The following class pairs should collapse into one class.

1. `Service` and `TranslationModel`

2. `Response` and `TranslationResult`

3. `Request` and `TranslationRequest`

My understanding is the Translation classes came from the "Unified API" which was a draft of what the API could look like. During that exercise, we agreed that the API would change with actual implementation. It always does. An API written without implementation inevitably does not capture the full complexity of the task. It also adds unnecessary complexity with functionality that neither the backend nor front end actually uses. Moreover, it does not consider what is efficient to pass and there's no point to multiple format conversions.

Ideally a skeleton API class should be subsumed into the implemented class. There will be no converter between them, which is just a source of bugs.

I am in for merging the API class and the implemented class and I propose following:

My understanding is nobody is calling alignments and quality estimation, so it's easiest to merge there.

  1. Let's merge the classes you mentioned above before we add Alignment and Quality Estimation feature. @kpu IIUC, you are also proposing the same. Right?

  2. A single PR for this change please (containing nothing else but this change). It is possible because Service, Response and Request classes and their counterpart Translation* classes have feature parity if we consider current main branch.

  3. Let's maintain a clean interface (i.e. the public member functions etc.) for the API consumer. Interface gives an idea regarding what features are exposed by the class. Some examples to explain what I want to convey:

    1. We don't need these functions in the interface.
    2. Request class constructor currently requires vocabs_, segments, sourceTokenRanges which, technically an API consumer doesn't and shouldn't need to provide to create a translation request. In that sense, TranslationRequest class is more closer to what a translation request should look like from the perspective of the consumer of the API.
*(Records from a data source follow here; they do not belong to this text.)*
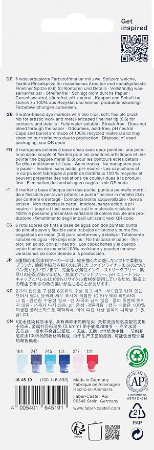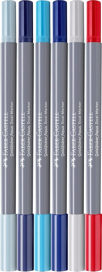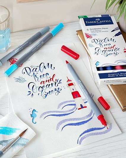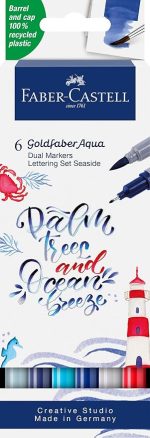 Goldfaber Aqua Çift Uç Markör Kaligrafi 6’lı Seaside, Fırça ve Fineliner, Solmaya Dayanıklı Mürekkep, Çevre Dostu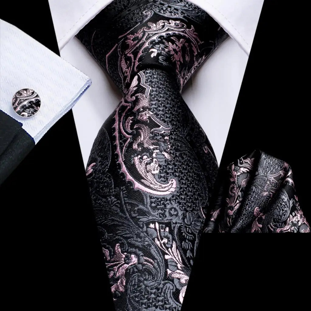 Elevate your formal wardrobe with the Midnight Luxe Dot Men’s Tie Set — a timeless combination of deep black tones and subtle woven dot detailing. Its rich texture delivers a refined, modern look perfect for business attire, weddings, and evening events. With coordinating accessories included, this set ensures a sleek, polished finish every time. Designed for versatility, it pairs effortlessly with any suit for a sophisticated and confident appearance.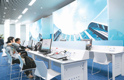 11月2日、輸入博覧會(huì)プレスセンター2階のコワーキングスペースを體験するメディアの記者。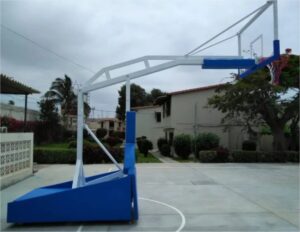- Tableros de basquetbol movibles: incorporan ruedas y contrapesos, lo que permite transportarlos fácilmente dentro de un recinto.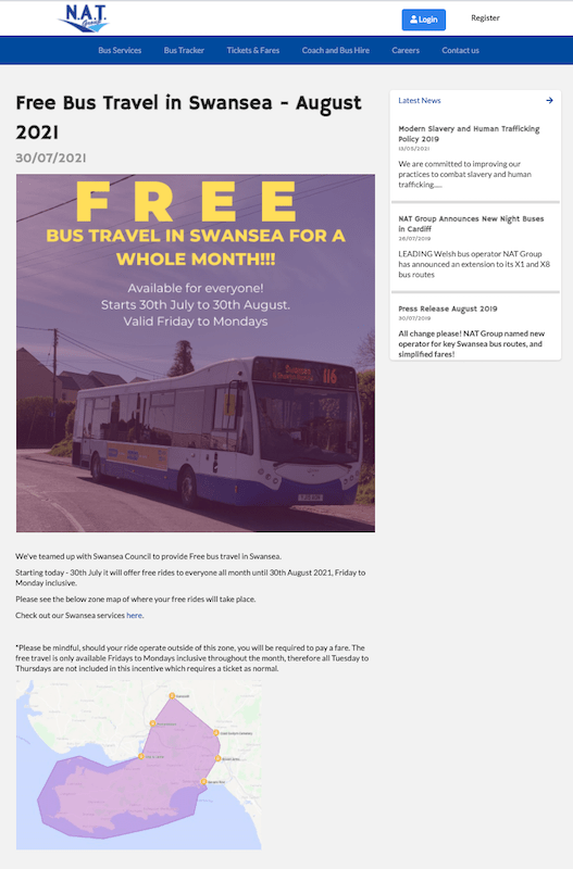 That’s exactly what’s happened in Swansea where councillors have funded completely free bus travel for everyone within the council’s boundary for four consecutive days over long weekends – Friday, Saturday, Sunday and Monday – throughout the month of August.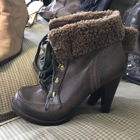 Brown lace up ankle, heel boots with wooly type fur cuffed at top. Army green laces to top it off. Gently warn. Great pair of boots for the fall and winter seasons.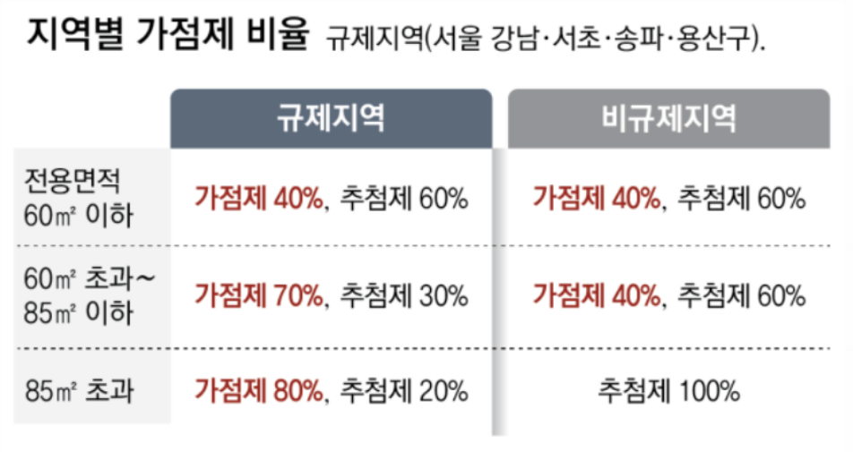 규제지역은 면적에 따라 가점제, 추첨제 %가 달라집니다.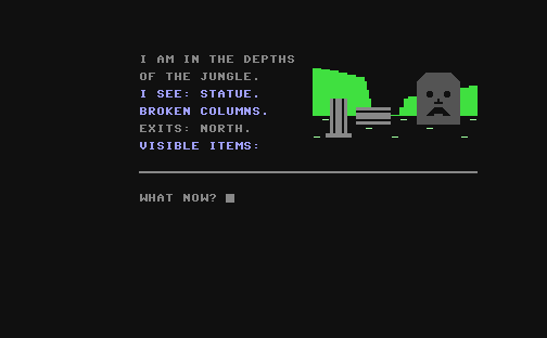 Welcome to Lost City adventure. While Softgold seem to produce games that lie in the "reality" realm, Mountain Valley love to make fantasy games (Lost City, Dark Planet, Mystery Island). Lost City is one of those ubiquitous treasure hunting games. The object is to collect 10 treasures scattered throught the 15-20 "real" locations and store them somewhere special. Basically this game is a "Mayan" version of "Mystery Island". This game also has two of the most nasty mazes I've come across in Interactive Fiction on any platform.

    I have no problem with whatever private data members + private member functions we require for the implementation.

  4. Let's bring everything to Translation* classes. Reasons:

    1. More complete documentation of the APIs exists in Translation* classes
    2. We don't need to change the extension code because it already uses TranslationModel class.
    3. We don't need to adapt JS bindings

    We can add all the data members and private member functions that we require in Translation* classes. The public member functions already give a clear idea on what a user can expect out of the APIs (we can add/modify them as well)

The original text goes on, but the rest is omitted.